Вместо классического аналитического вопроса «что случилось со мной (в детстве) и привело к моим нынешним мучениям», лаканианский аналитик приводит пациента к вопросу «что случится в будущем и объяснит мое нынешнее положение и жизненную историю?». Для анализируемого эта лаканианская стратегия означает освобождение от детерминирующей исторической истины и путь к новому пространству свободы. Если во фрейдистской парадигме анализируемые не могут изменить патогенетического действия властвующих над ними обстоятельств, [в лаканианской модели] ‹…› патогенетические следствия событий определяются в будущем, чей лик еще не сложился[466]
.Если фрейдовский аналитик находится в положении сыщика, разыскивающего улики прошлых событий в материальных (симптоматических) отложениях настоящего, – то лаканианский аналитик открывает пути в будущее, способное переписать данное нам в настоящем[467]

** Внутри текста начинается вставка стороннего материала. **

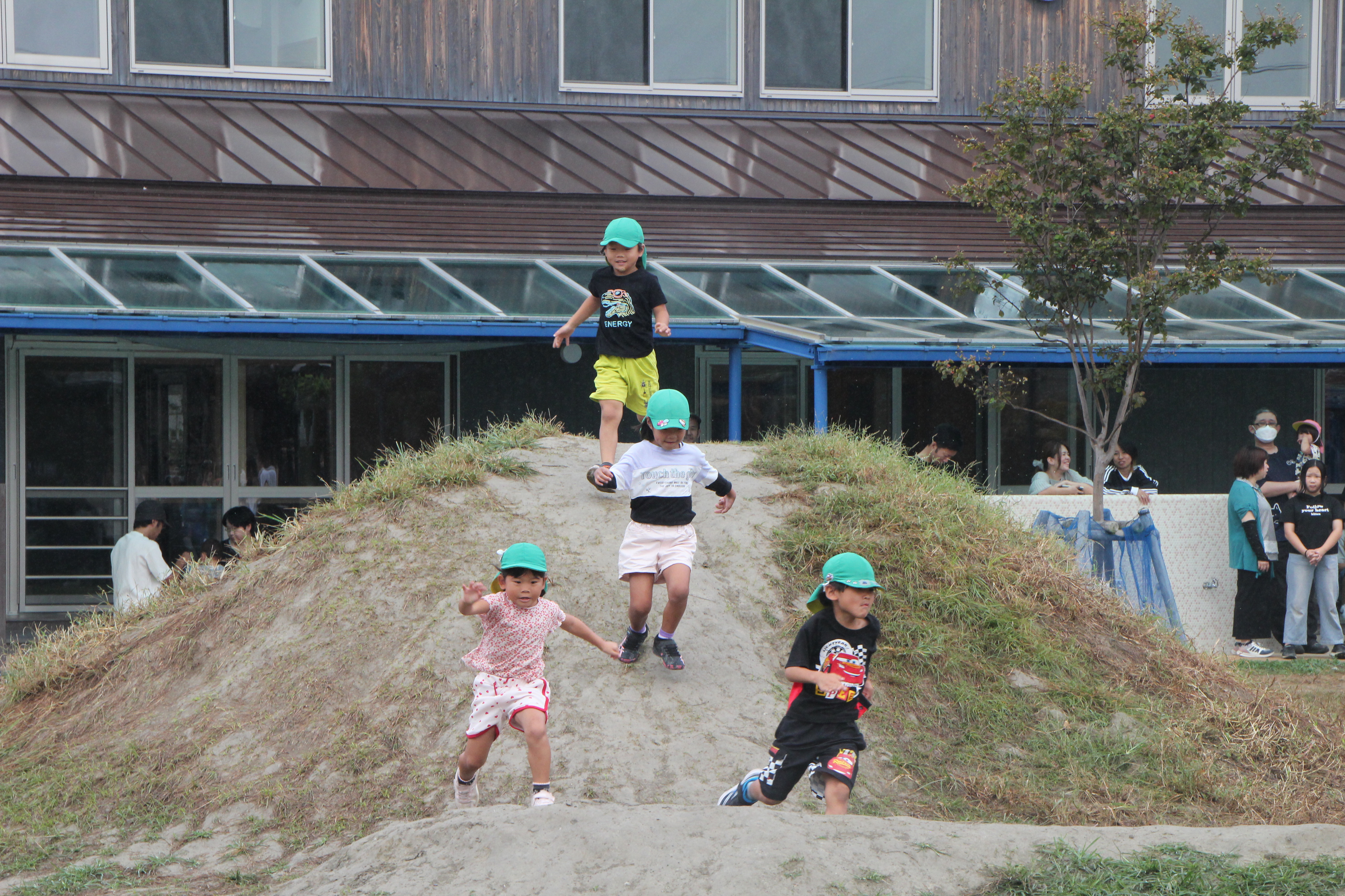 かけっこでは、築山を越えて、土手を走り、園庭一周を精一杯頑張りました。

. Представляется, что эта устремленная к будущему пульсация и антидетерминистский взгляд на вещи определяют под пером Достоевского форму русского романа – в то время как метод Диккенса (и вообще викторианской литературы сыска) опирается на процедуры ретроспективного розыска[468]. В основе «Братьев Карамазовых» лежит посылка о том, что открытое будущее братьев имеет власть над уже состоявшимся актом отцеубийства. Характерный для русской культуры антиэмпиризм сказывается в том, что материальный мир сопротивляется у Достоевского эмпирическому исследованию. Напротив, материальность связана здесь с православным переживанием чуда, со страстью к непониманию, созвучной лаканианскому психоанализу с его относительным недоверием к знанию и просвещению[469]. Если психоанализ Фрейда сроден викторианской эпистемологии и повествовательному методу (как и августинианскому пониманию автобиографии) – то «отступление» русского романа от «европейской формы» может быть понято по аналогии с лаканианским «отступлением» от фрейдизма.Если понять роман как психоаналитический акт, то роль пациента будет распределена между персонажами и содержащей их повествовательной формой. В этом смысле линейный путь становления (Bildung) Эстер, героини «Холодного дома», совпадает с ее движением ко взрослой сексуальности; однако ее неудачи на этом пути, не позволяющие достичь так называемой «зрелой генитальности», свидетельствуют о репрессивной силе тех самых норм, которые требуют этого исхода. Напротив, открытый финал «Братьев Карамазовых», никому не дающий завершенности, подрывает саму идею становления и императивы жизненного прогресса. Занимающая их место свобода укоренена в предвосхищающем Лакана неприятии телеологического устремления к «зрелой генитальности» или даже самой возможности сексуальных отношений. Кульминационный тезис романа: «есть малые дети и большие дети. Все – „дитё“»[470]
– обозначает отказ от норм сексуального развития точно так же, как духовное воззрение на человека как дитя божие освобождает его от закона.